Python: Using Equality Operator Inside of Numpy Array Assignment

Question

I saw this code in some examples online and am trying to understand and modify it:

c = a[b == 1]

1. Why does this work? It appears b == 1 returns true for each element of b that satisfies the equality. I don't understand how something like a[True] ends up evaluating to something like "For all values in a for which the same indexed value in b is equal to 1, copy them to c"

a,b, and c are all NumPy arrays of the same length containing some data. I've searched around quite a bit but don't even know what to call this sort of thing.

2. If I want to add a second condition, for example:

c = a[b == 1 and d == 1]

I get

ValueError: The truth value of an array with more than one element is ambiguous. Use a.any() or a.all()

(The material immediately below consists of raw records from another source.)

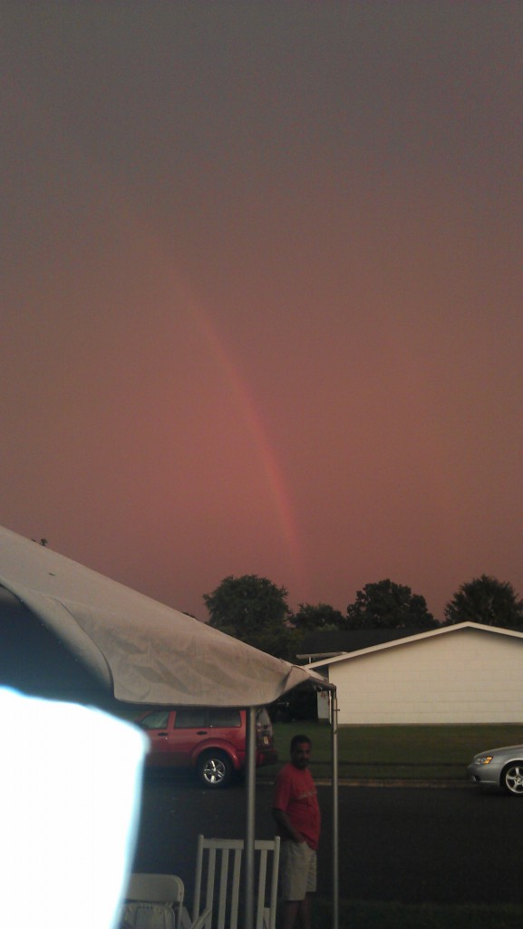 I was teasing my mom with wet willies and she got me back pretty good. As I was standing near her she got me with a cup of water, you can see the proof in the picture above. As the day slipped away and evening settled in a storm tore throught the area. Some towms lost power but luckily we were OK. The tent almost took off with a wind gust and I quickly was able to grab it and keep it grounded. Cars were moved and the tent left to the will of the wind and it managed to stay put. After the storm passed we say a rainbow in the sky with a second one forming next to it.
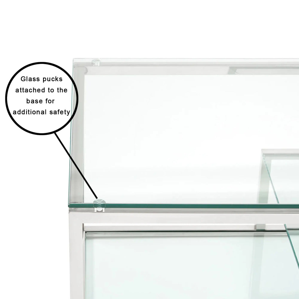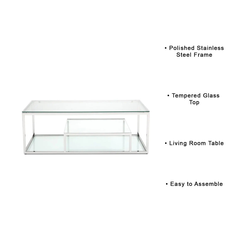 The Barolo Steel Coffee Table is a stylish and functional piece of furniture. With its tempered glass top and polished stainless steel frame, it exudes a modern and sophisticated vibe. The tempered glass not only adds a sleek and contemporary look but also provides durability and safety. The polished stainless steel frame complements the glass beautifully, creating a striking visual contrast and adding a touch of elegance to the overall design.
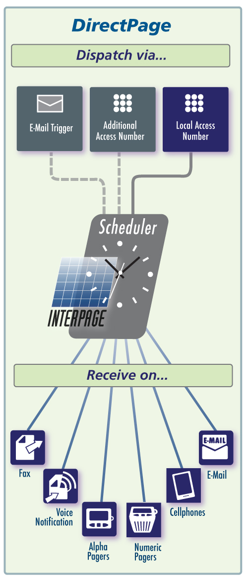 DirectPage customers receive a local numeric number which functions identically to a numeric pager: When a message is received, DirectPage immediately sends the received numeric page to one or more cellphones, pagers, e-mail addresses, SMS/MMS/Internet-enabled mobile devices, fax and/or POTS lines. DirectPage account holders may customize messaging notification schedules to selectively page a specific device, such as an "on-call" cellphone or home phone, based on the received Touch Tones (DTMF), CallerID/NameID, and/or a weekly schedule rotation.
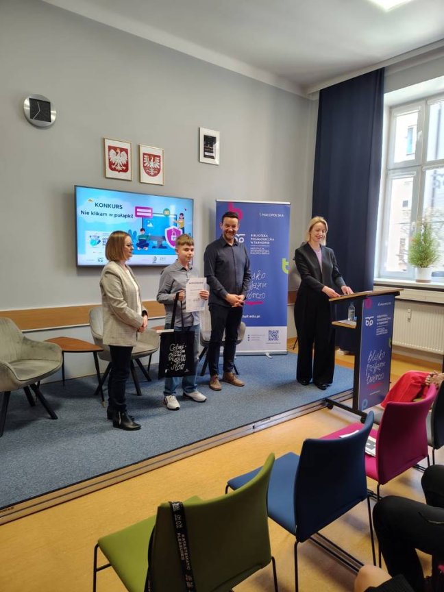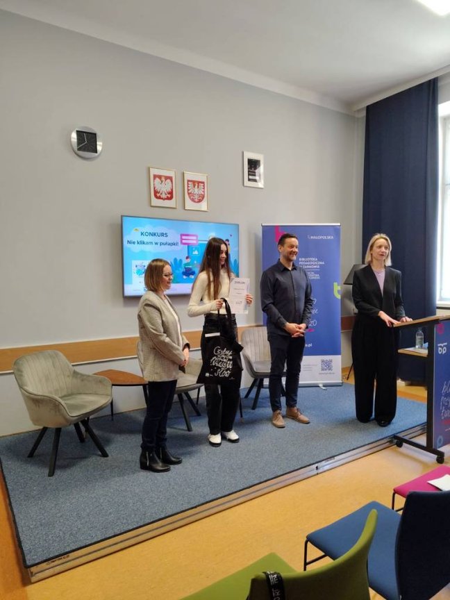 12 marca w Bibliotece Pedagogicznej odbyło się wręczenie nagród w konkursie „Nie klikam w pułapki”. W ósmej edycji konkursu uczestniczyli uczniowie naszej szkoły.
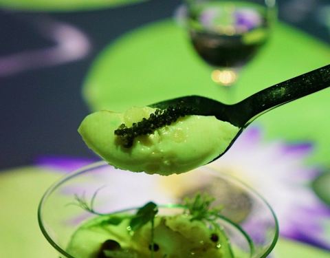 「未知」Unknown 猪软骨 鹌鹑蛋 茉莉花 可食用的部分隐身藏匿于坠落的陨石之间,细心掂量找寻几个暗黑色小陨石。 一颗猪软骨外层的面衣炸的微香脆。再是一颗一口咬下是鹌鹑蛋的流黄内心,最后一颗暗色泛着微微...
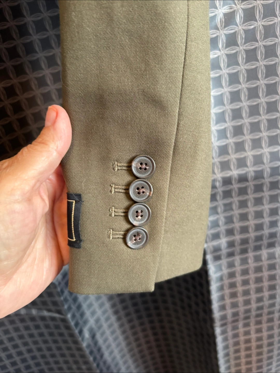 Women's cropped blazer. Olive green colour. Long sleeves, single button closure. Four button detailing on cuffs. Excellent condition. Size 0
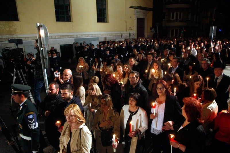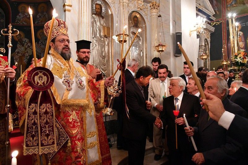 In Messolongi, in Central Greece, large crowds of all ages gathered at the metropolitan Temple of Agios Spyridon to sing the message of the resurrection of the God-man.
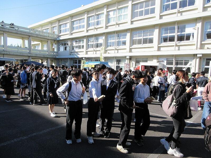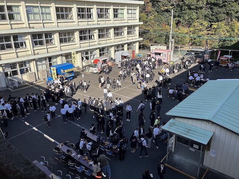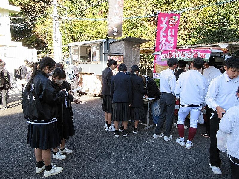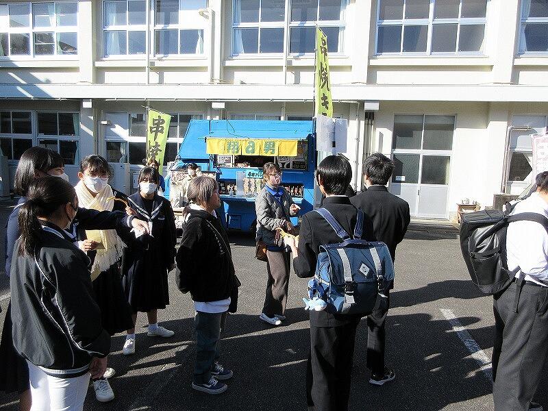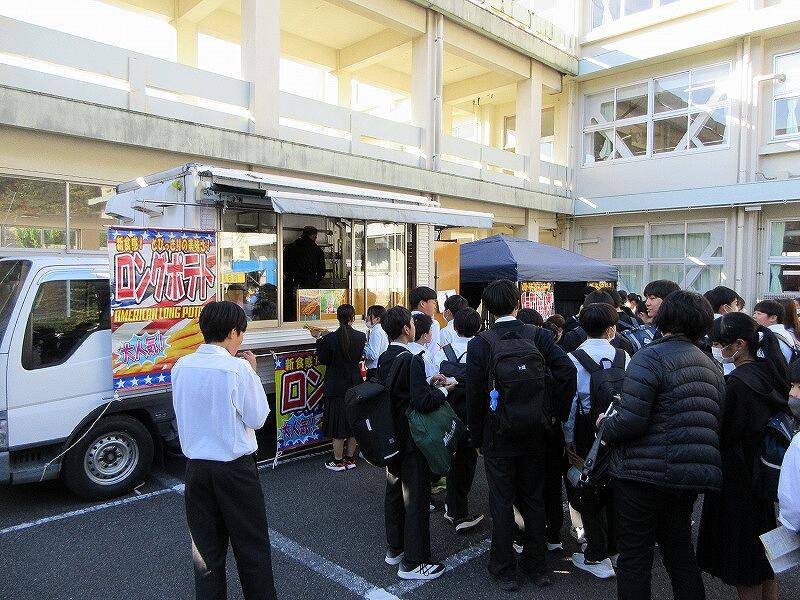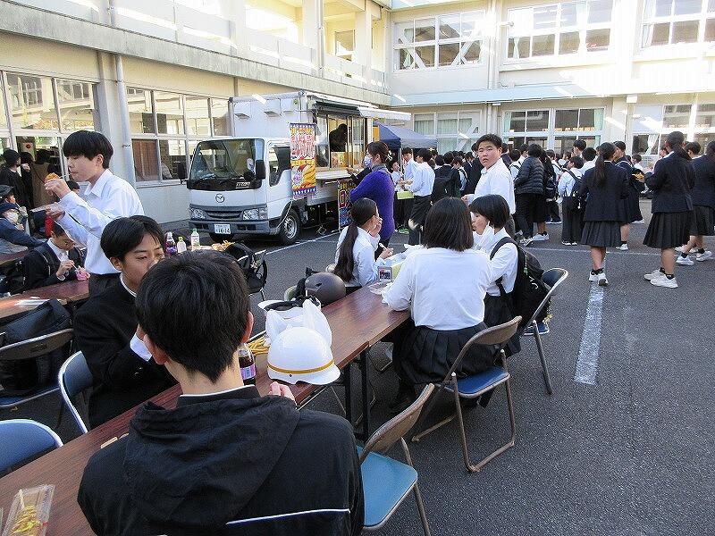 12月12日(金)に、第3回参観日・PTAバザーを開催しました。今回は、キッチンカーをメインに実施しました。初めての試みでしたが、「初めてのキッチンカーでの買い物をしました。」、「こんな行列の中買って食べるのは初めてです。」 という生徒もいました。写真でも掲載していますが、PTA高田総務部長の「生徒に楽しんでもらえるバザー」という目標に届いたのではないかと思います。また、PTA会長の來住会長をはじめ多くのPTA役員や保護者の方の協力ありがとうございました。

I know this happens because that combination of equality operations is ambiguous for reasons explained here, but I am unsure of how to add a.any() or a.all() into that expression in just one line.

EDIT:

For question 2, c = a[(b == 1) & (d == 1)] works. Any input on my first question about how/why this works?

Answer 1

You just need to put the conditions separately in brackets. Try using this

c = a[(b == 1) & (d == 1)]

Answer 2

Why wouldn't your example in point (1) work? This is Boolean indexing. If the arrays were different shapes then it may be a different matter, but:

c = a[b == 1]

Is indistinguishable from:

c = a[a == 1]

When you don't know the actual arrays. Nothing specific to a is going on here; a == 1 is just setting up a boolean mask, that you then re-apply to a in a[mask_here]. Doesn't matter what generated the mask.